Congratualations should go out ot Heather Peters, a former attorney, who sued American Honda Motor Company and won. She proved that her Honda Civic Hybrid did not achieve enarly the gas mileage that Honda advertised. The judge awarded her over $9,800. This was almost the maximum available in small claims court.
Instead of being one in a great number of class action members, Peters decided to take matters into her own hands and sue Honda in small claims court. This means that she could not be represented by a lawyer and that her award was limited to a maximum of ten thousand dollars.
The upside to small claims court is that is is cheap and quick. In most counties in California, a small claims case can be filed for about $75 and it will be heard in usually a few short months. There are no attorney fees to be paid and statisically, about 75% of small claims plaintiffs get awards in their favor. This means that if you sue someone in small claims court you are likely to win something.

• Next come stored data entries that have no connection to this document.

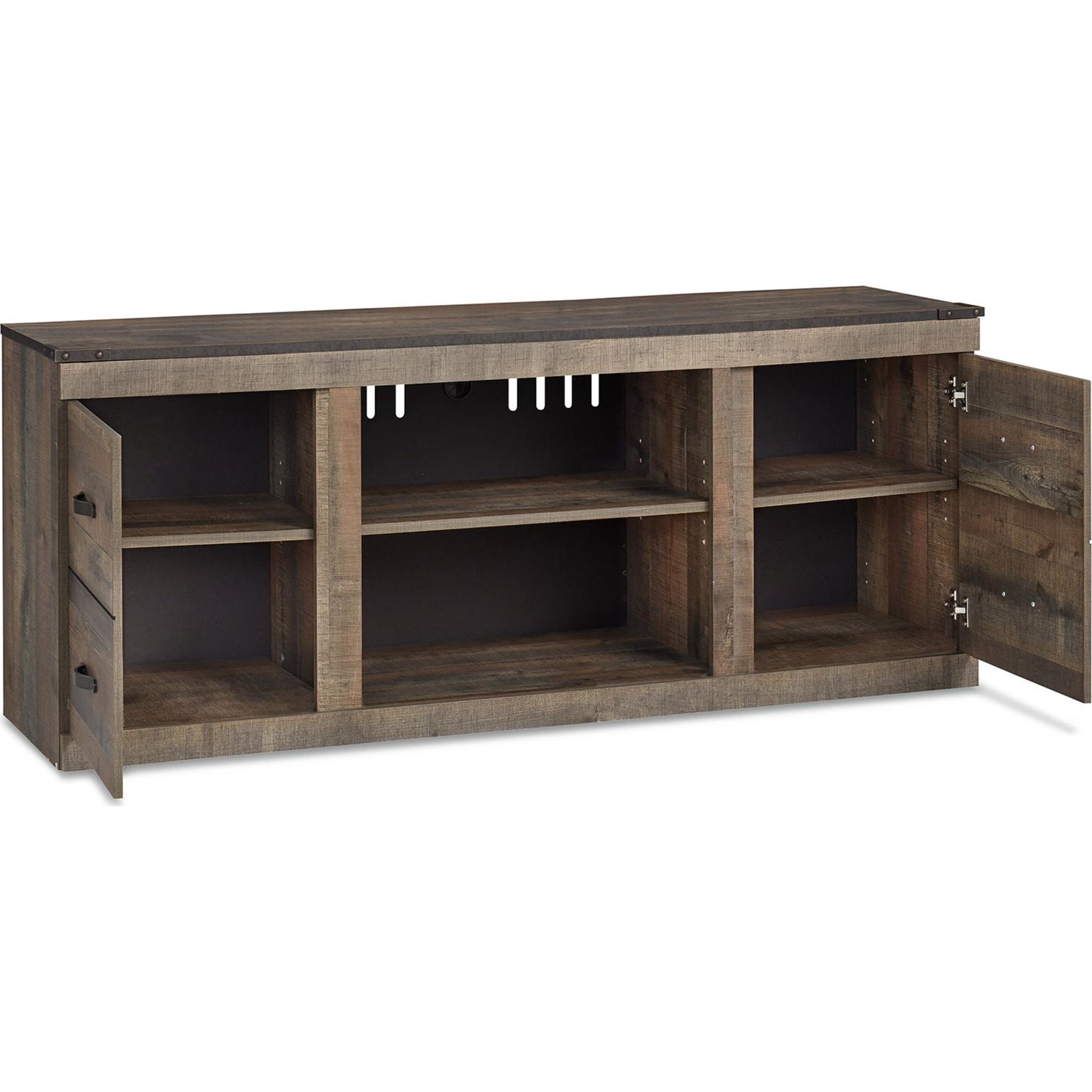 Affirmez un style à la fois rustique et raffiné avec ce meuble TV. Sa finition rustique et ses détails façon planches rendent hommage au bois de grange recyclé, tandis que les bandes couleur bronze ornées de clous décoratifs lui confèrent une touche industrielle élégante. Ses lignes épurées lui permettent de s'intégrer aussi bien à la campagne qu'en ville. Pour une ambiance encore plus chaleureuse, optez pour l'insert de cheminée en option (vendu séparément).
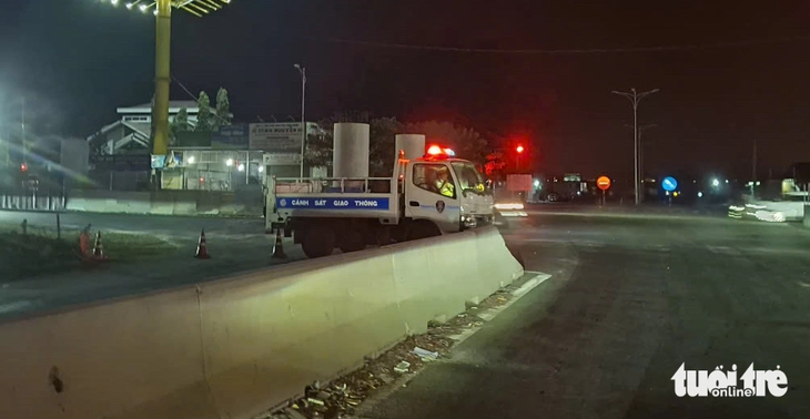 Trong đêm 23-2, lực lượng cảnh sát giao thông Công an tỉnh Lâm Đồng tiếp tục phối hợp cấm xe từ quốc lộ 1 vào cao tốc Phan Thiết – Dầu Giây tại nút giao Ba Bàu – Ảnh: ĐỨC TRONG
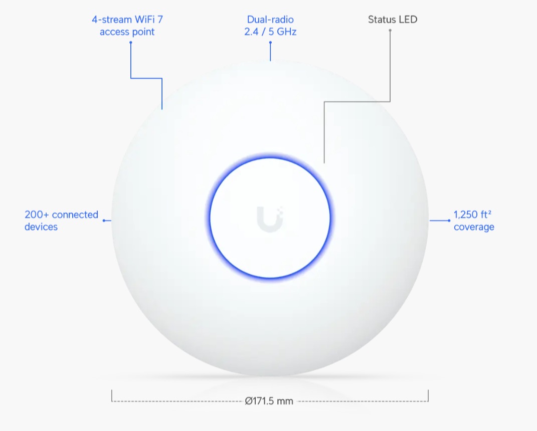 L'U7-Lite è un AP WiFi 7 dotato di tecnologia WiFi 7, dispone di due radio con 4 flussi spaziali, che gli consentono di raggiungere velocità di trasmissione fino a 4.6 Gbps. Questo lo rende ideale per supportare anche le applicazioni indoor. Con un'area di copertura di 115 m² e il supporto di oltre 200 dispositivi connessi, l'U7-Lite è una soluzione ideale per un'ampia gamma di applicazioni.
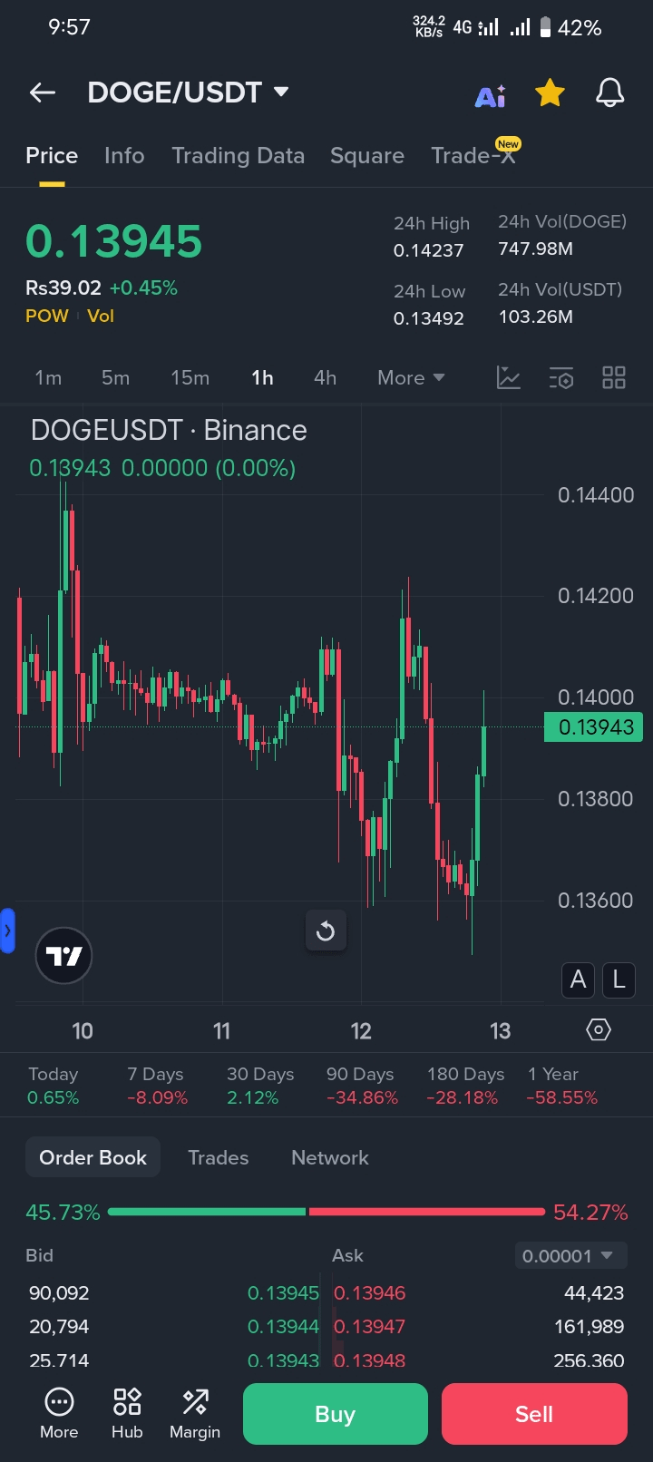 $DOGE se mantiene cerca del soporte clave alrededor de la zona de $0.135–0.139, con compradores defendiendo el precio y la estructura permaneciendo positiva mientras se mantenga $0.135.

Small claims cases can be appealed by the defendant only. In Peters' case, Honda says they will appeal. Also note that lawyers are allowed on small claims appeals.
Filing a lawsuit in superior court costs five times more money and opens the door to what may be years of litigation and waiting for a trial date. In Los Angeles County, if I file a limited civil action, I may not see a trial date for over five years. Additionally, the costs of litigation can be huge. With discovery and depositions, court appearances, settlement conferences and or alternate dispute resolution, the costs can rapidly get into the 5 and 6 figures. If expert witnesses are needed, the costs can often double. Litigants can be burried in paperwork by corporate defendants which may have armies of lawyers on their payrolls.
As a Honda owner, I have been thinking about sueing Honda and Michelin tire company regarding the tires that came standard on my Honda. They appear to wear out too quickly, they are very expensive to buy and pretty much can only be serviced by Dealerships who have the expensive equipment needed to work on the tires. Peters' case really motivates me to get my facts together and file a lawsuit in small claims court.